Honduran pimp who ran West Knoxville operation headed to prison
knoxnews.com
By Jamie Satterfield
Posted September 24, 2011 at 4 a.m.

A Honduran national who ran a sex delivery service out of a house on Papermill Drive is headed to federal prison.

U.S. District Judge Thomas Phillips on Friday sentenced Selvin Salvador Perdomo to two years in prison for violation of the federal Mann Act, which makes it a crime to transport people across state lines or U.S. borders for the purpose of prostitution.

The FBI, which headed up the probe of Perdomo, has said in an affidavit Perdomo may have pimped as many as 400 women, almost exclusively female illegal immigrants of Hispanic descent, to a largely Hispanic clientele. However, a plea deal struck between Assistant U.S. Attorney Melissa Kirby and defense attorney Tracy Jackson Smith limited the number of victims to six, a move that lowered the penalty range for the 38-year-old Perdomo. He agreed in the plea deal to be immediately deported after serving his prison term.

Court records show that for four years Perdomo ferried women weekly from the Atlanta area to Knoxville. He took appointments through his cellphone and then drove the women to clients' homes. The clients were charged $30 for 15-minute sexual encounters. Perdomo took half.
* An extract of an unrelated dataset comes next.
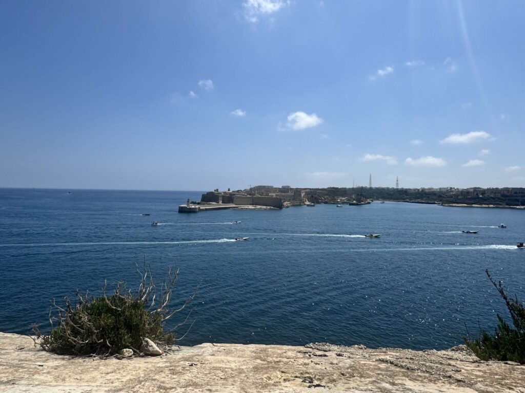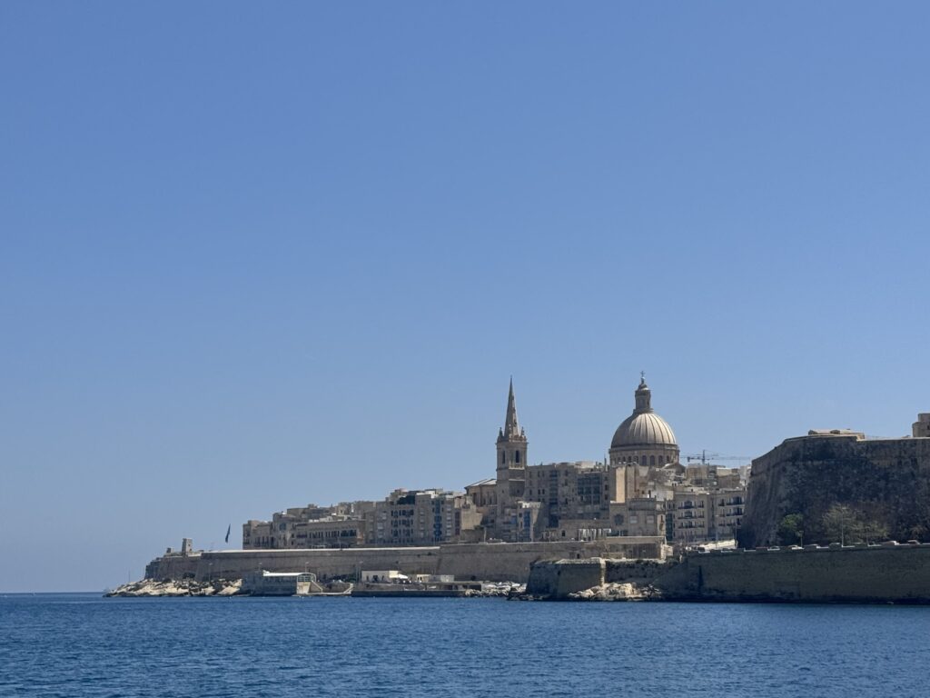 Efter besöket på fortet tog vi en resa med Hop-on Hop-off. Turen gick bland annat genom ”de tre städerna” Vittorisa, Senglea och Cospicua som är Maltas äldsta städer som grundades på 1500-1600-talet. Resa gick vidare till Marsaxlokk fiskeby och den blå grottan som är en av de mest besökta naturattraktionerna på Malta. Bästa upplevelsen är att ta en utflykt med båt till grottan, vi nöjde oss med utsikten från bussen. Tillbaka i centrala Valetta hittade vi ett ”hål i väggen” där det serverades dumplings och nudlar. Efter en god och rejäl middag var det dags att beställa en ny Bolt för att ta oss tillbaka till NOSTRA.

His base of operation was a rental house on Papermill Drive where he lived with a woman and her three children. His arrest in July 2010 came after a yearlong probe by an FBI task force that included officers with the Knoxville Police Department, Knox County Sheriff's Office, Clinton Police Department and Blount County Sheriff's Office.

To nab Perdomo, two officers posed as customers and ordered up a prostitute for an encounter at an apartment on Cedar Bluff Road, court records show. Perdomo sat on a living room couch while the woman went into the bedroom with the two undercover officers. As she began to disrobe, the officers revealed their true identities, and a surveillance team moved in to arrest Perdomo, his plea agreement states.

Attorney Smith said Perdomo came to the U.S. in 1998 after a hurricane caused devastating damage in Honduras and was granted temporary protected status. He failed to re-register for the program when it was extended last year, Smith wrote.